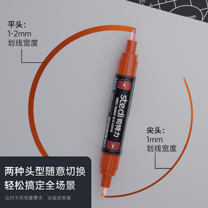 Stedi/司特力马克笔金属高达模型工具机甲上色涂装手办平尖双头儿童套装设计美术绘画水性彩色笔涂尖头关节
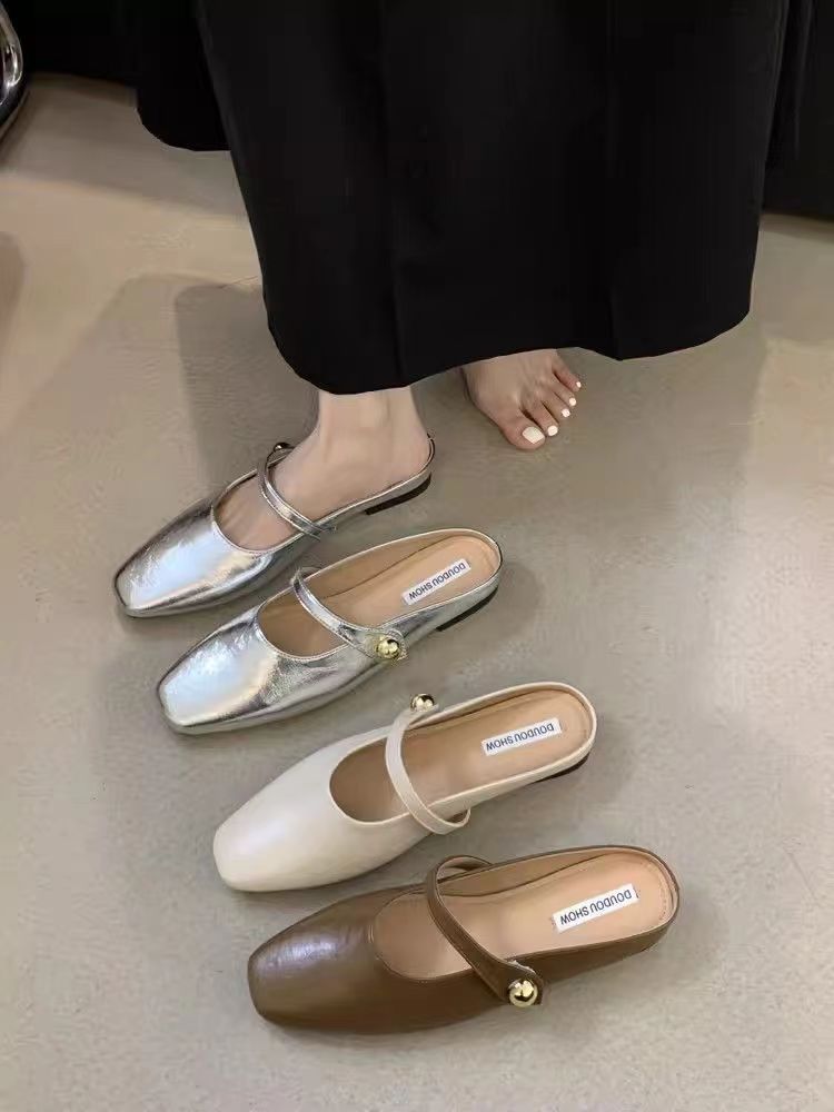 프랑스 스타일 고감도 디자인 센스 바오터우 하프 슬리퍼 여성 2024 년 여름 새로운 의상 플랫 니치 뮬러 신발스토어 가기
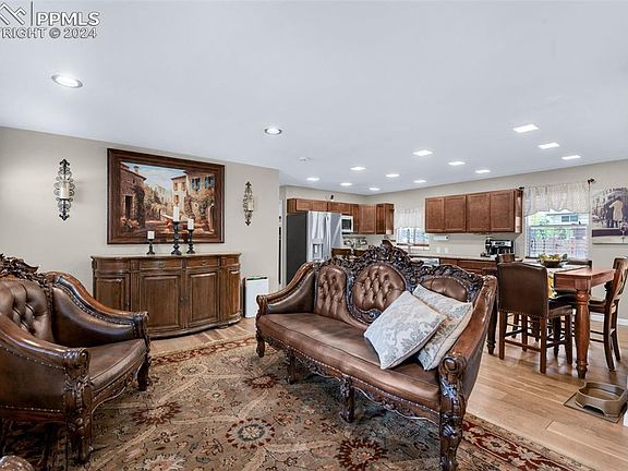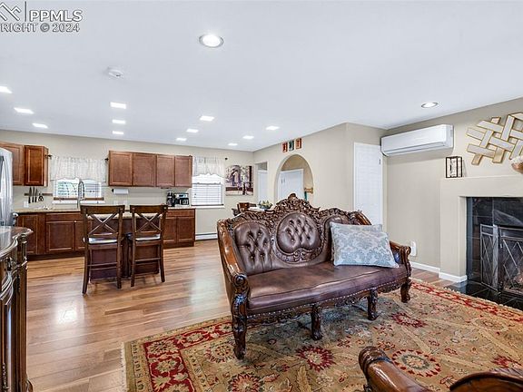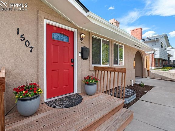 Stunning ranch home in Pikes Peak Park! This meticulously updated property boasts impressive curb appeal with its stucco exterior and inviting vibrant red door. Step inside to discover an open-concept living space where the living, dining, and kitchen areas seamlessly flow together. Wood laminate flooring graces the floors, complemented by abundant recessed lighting that creates a cozy ambiance. Gather around the wood-burning fireplace in the living room, perfect for those chilly Colorado evenings. The spacious kitchen hosts granite countertops, stainless steel appliances — including a gas range — plus an island for additional workspace. Whether preparing gourmet meals or hosting casual get-togethers, this kitchen is sure to impress. On the main level, you'll find two generously sized bedrooms, including a large primary suite complete with an ensuite bathroom for added convenience. Venture downstairs to the fully finished basement, where a large family room awaits, offering endless possibilities for entertainment and relaxation. Two conforming bedrooms, a bathroom, and a laundry room with stackable washer and dryer and cabinetry complete the lower level. The breathtaking backyard oasis is shaded by mature trees and features a large patio area — ideal for al fresco dining or lounging in the sun. A spacious grassy area provides ample room for outdoor activities, while a detached two-car garage (newly built in 2017) and a drive-through carport offer convenient parking options. This home also boasts modern conveniences including a new tankless hot water heater and hydronic heat installed in 2017, as well as tiled bathrooms, a completely brand new sewer line (6/2024), and two new sump pumps added in 2024. Front yard sprinklers and a security system were installed in 2022. Perfectly situated near schools, parks, and all that Colorado Springs has to offer!
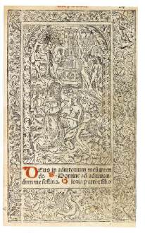 bois dans le texte. Le titre, imprimé en rouge, orné d’un bois, le Christ à côté des emblèmes de la Passion.
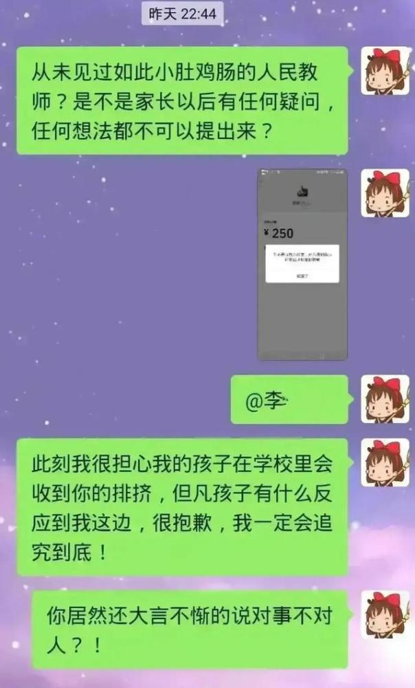 沒(méi)想到事情到這里還沒(méi)完,這位家長(zhǎng)不依不饒,指責(zé)這位老師小肚雞腸,不虛心接受建議,并且表達(dá)出自己擔(dān)心孩子會(huì)得到老師排擠的憂(yōu)慮,但是這不重要,她說(shuō)孩子有任何反映到這邊她都會(huì)追究到底的。
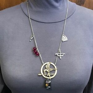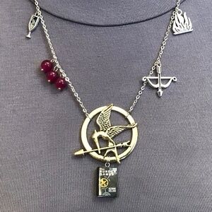 This unisex necklace features at its center a golden Mockingjay pendant, just like the Mockingjay pin Katniss wears in the Games, with a book cover pendant dangling from it. To its left are black-violet berry charms, for the poisonous nightlock berries Katniss and Peeta almost eat in an act of defiance against the Capitol. Further left is a champagne glass charm, for the pink liquid people drink at the Capitol parties, so they can vomit and continue eating, representing their hedonistic excesses. To the right are a bow and arrow charm, for Katniss's weapon of choice, and a fire charm, for the destructive symbol of fire throughout the trilogy. This necklace has been newly handmade, and is adjustable from 17.75 to 27.25 inches (can be made shorter or longer upon request).
===============
* _Your objective_: Return nothing except the lines from the line with "沒(méi)想到事情到這里還" through the last line of the records above, copied exactly and without pictures.

* _Result of this exercise_:
 沒(méi)想到事情到這里還沒(méi)完,這位家長(zhǎng)不依不饒,指責(zé)這位老師小肚雞腸,不虛心接受建議,并且表達(dá)出自己擔(dān)心孩子會(huì)得到老師排擠的憂(yōu)慮,但是這不重要,她說(shuō)孩子有任何反映到這邊她都會(huì)追究到底的。
 This unisex necklace features at its center a golden Mockingjay pendant, just like the Mockingjay pin Katniss wears in the Games, with a book cover pendant dangling from it. To its left are black-violet berry charms, for the poisonous nightlock berries Katniss and Peeta almost eat in an act of defiance against the Capitol. Further left is a champagne glass charm, for the pink liquid people drink at the Capitol parties, so they can vomit and continue eating, representing their hedonistic excesses. To the right are a bow and arrow charm, for Katniss's weapon of choice, and a fire charm, for the destructive symbol of fire throughout the trilogy. This necklace has been newly handmade, and is adjustable from 17.75 to 27.25 inches (can be made shorter or longer upon request).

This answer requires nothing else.